2. In the meantime, you can cook the pasta as instructed on the package and put the tomatoes and olives in the oven. Slice the tomatoes and olives in half and place in a small backing tray with a drizzle of olive oil, salt/pepper and thyme. Place in the oven for 15 minutes.
3. Fry the onion, garlic and leave to the side.
4. Once the vegetables are cooked, you can add all of the ingredients into a blender: onion, garlic, butternut squash, soaked cashews, almond milk, nutritional yeast, mustard, tomato puree, chilli, hot sauce, lemon juice and spices.

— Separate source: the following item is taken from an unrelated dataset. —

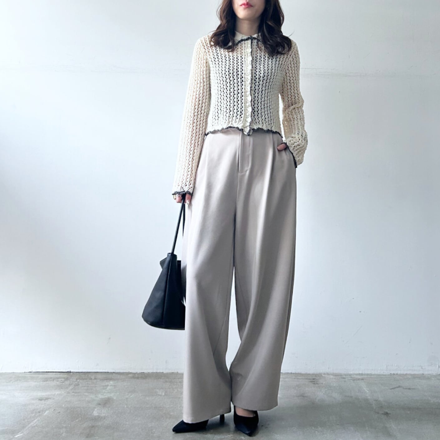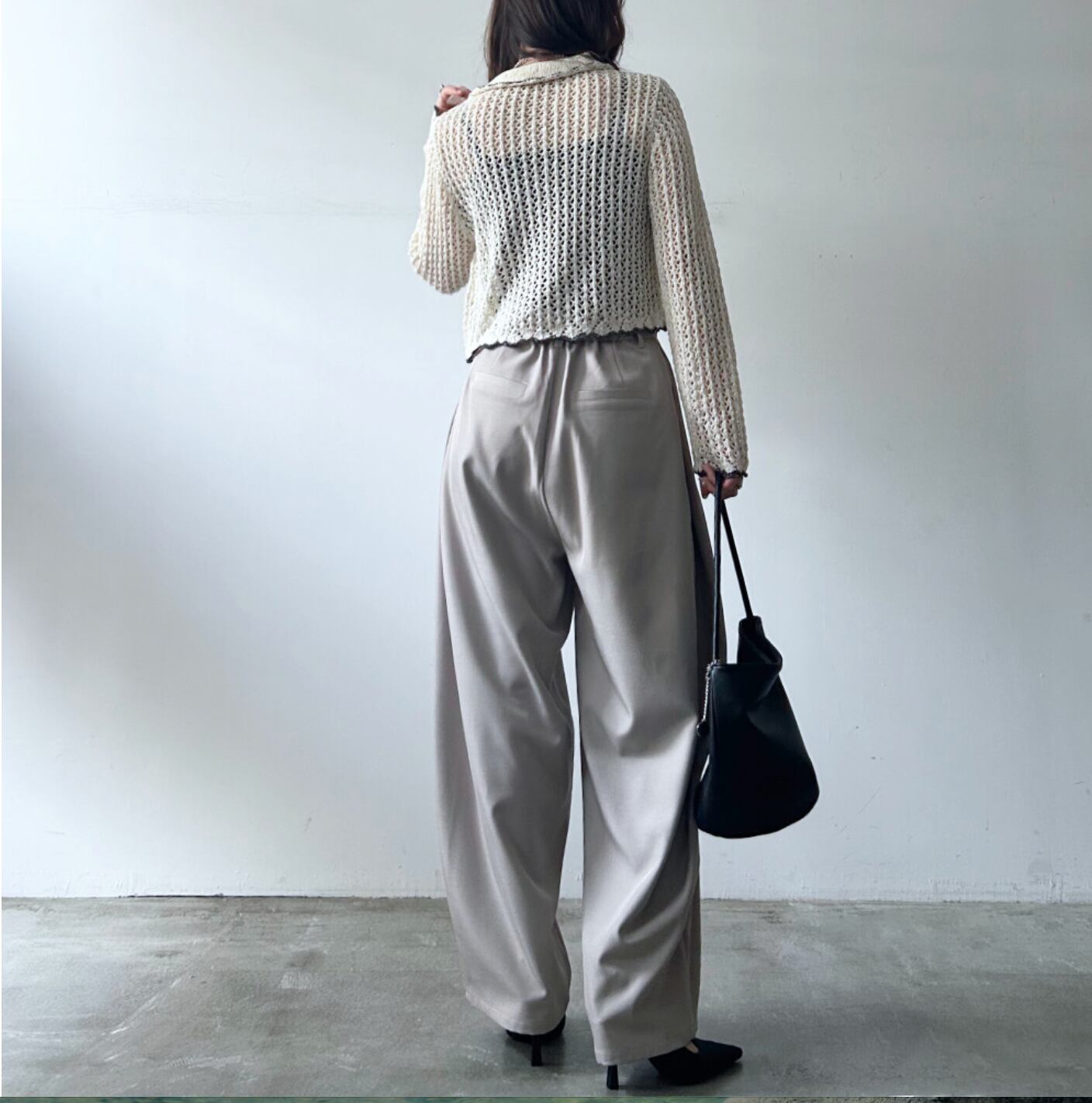 軽やかな透け感と立体感のある編地が、スタイリングに奥行きをプラスします◎

5. Blend all ingredients until a smooth, cheesy sauce is created. You may need to occasionally add more almond milk to get the right consistency.
6. Add the cheese sauce to a pot to heat up and then throw in the pasta. Give it a stir and it's good to go!
7. By this time, your roasted cherry tomatoes and olives should be ready to take out of the oven. Place as much as you like on top of your mac and cheese and serve.